For crucial moments the attack faltered as men fell and others tripped over the fallen. Shaken but confident and valiant, Hamilcar's men reordered themselves and prepared another charge. But the men behind them, still crossing the stream and unaware of what was happening ahead, pressed forward. Hamilcar's army grew very dense. Men were still waiting to step into the stream, the bottom of which was being churned to a deep, clinging mud.
Maddened, the bloodied warriors charged again. But during the lull, slaves and rear-rankers had passed more pila forward. Again, the arms of the first three ranks went back, shot forward and again men tumbled like wheat before the scythe. Slowed, many hurled lighter javelins of their own, but these were easily fended off by the large, heavy Roman shields.
After a shorter pause, the massive army resumed its advance and a third volley of pila fell among them. Now the front lines were barely twenty feet apart, but so many corpses and writhing, wounded men littering the ground slowed the advance to a crawl. Still, their anger and the terrible pressure from behind drove Hamilcar's men on.
Teuta was filled with a terrible apprehension. What sort of fighting was this? The army before them, small as it was, was like some sort of terrible machine. In moments she had seen thousands of men go down before the simple but devastating Roman javelin. And then it happened again and yet again and the mad rush was stalled, and the Romans had hardly lost a man yet. Now she saw the glitter all along the Roman lines as thousands of their short swords, worn so strangely on the right hip instead of the left, were drawn in a singular, upward-and-forward motion. Instantly, distracted though she was, she knew the reason for the strange carry and draw. The man is not hindered by his shield and his draw does not disturb the men to either side. These people think of everything.
And still the men were crossing the stream, churning the ground on the far side to mud, crowding the ranks against one another. The army was losing cohesion and turning into a mob. She looked north and saw that Norbanus's small cavalry force was confining its activities to keeping the much larger Carthaginian force from flanking the Greek contingent.
"Hamilcar," she said, her voice sounding hoarse in her own ears. "Stop your men from crossing the water. They can do no good and the pressure over there will not let up until the Romans begin to retreat."
The shofet just looked annoyed. "They will break very soon. Look, I am already victorious on the south."
She looked that way and indeed the Gauls there were being driven back in confusion by the orderly lines of the Greeks and the Macedonians. Soon they would flank the Romans at that end and roll up the line. This looked encouraging, but a nagging thought assailed her: He knowingly left his south end weak and vulnerable. He did not take the city and port to the south. The road south is wide open. What can this mean?
Then she was appalled to see Hamilcar order his reserve regiments across the stream, into the center. "Shofet! You tire your men to no cause!"

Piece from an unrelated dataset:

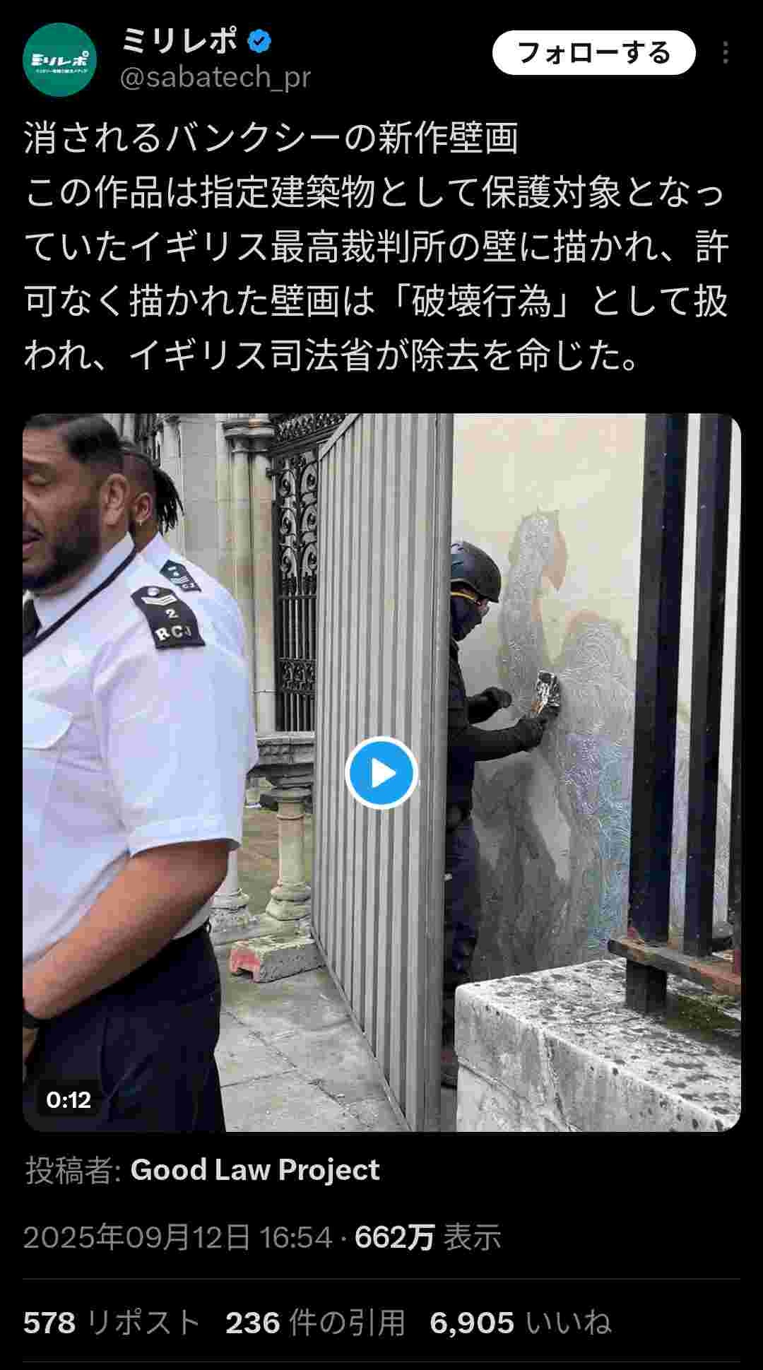 いや、バンクシーの絵ってそんな簡単に消せるもんなのかね。ジャップ政府との比較もなんか無理やり感あるけど。 『ジャップ』に反応し、作動を成立。 BE[802034645]はこれまでに68スレ/2814レス分、スクリプト加速を取得している。

"That will be enough, woman!" he snapped. "They are engaged all along the front now. Soon the weight of my army will crush them underfoot!"

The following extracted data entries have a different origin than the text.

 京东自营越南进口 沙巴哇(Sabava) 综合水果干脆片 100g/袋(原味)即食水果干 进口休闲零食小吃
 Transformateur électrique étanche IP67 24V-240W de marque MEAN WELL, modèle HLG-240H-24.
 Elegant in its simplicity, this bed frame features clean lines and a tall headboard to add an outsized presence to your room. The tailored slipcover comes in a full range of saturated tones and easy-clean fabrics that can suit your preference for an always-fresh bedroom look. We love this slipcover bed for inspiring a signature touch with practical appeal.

Frustrated, she sat and watched. It occurred to her that Hamilcar had not studied his battles as closely as he thought. His ancestor, Hannibal, had once won a battle something like this: beating a larger army with a smaller. That was Cannae, his greatest victory. She was sure that Norbanus was using some form of the Cannae strategy, but the battles were so dissimilar that she could not understand what he intended.
She did see, plainly, that the Romans were not distressed by the vaunted "weight" of Hamilcar's army. Only the men of the front lines could engage actively. The Romans had a well-drilled maneuver by which, every few minutes, the front-line men stepped back and those behind them stepped forward, keeping fresh, untired men at the fighting line. If the rear men of Hamilcar's army pushed, they merely drove the front-line men into the Roman swords. At intervals, more of the murderous pila would arch out above the heads of the legionaries and plunge into the struggling' mass of Hamilcar's men.

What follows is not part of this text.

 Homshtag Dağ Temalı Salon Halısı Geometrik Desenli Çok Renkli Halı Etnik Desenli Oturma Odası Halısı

She saw men detach from the rear of the Roman formation, form a neat, orderly rectangle and march to the southern end of the Roman line, there to form a thickened, south-facing line just as Hamilcar's Greeks had their flanking maneuver almost concluded. The Gauls, caught between the two forces, were slaughtered. But the Roman line held. They inflicted few casualties on the orderly Greeks, but the phalanx was stymied.
Teuta stood and paced before the glowering shofet. She saw how long her shadow had grown and turned to look at the sun. She was amazed to see how low it stood in the west. To the north she saw a new movement. The block of Norbanus's Greek-Macedonian phalanx was moving, pushing against the lightly armored Iberians, shoving them back, spearing them, striding over their bodies. Already, men were breaking away from the battle, frustrated at being unable to come to grips with the Romans, unable to take heads and win glory. Slowly, a step at a time, the Greeks were cutting themselves a strong position at Hamilcar's left flank.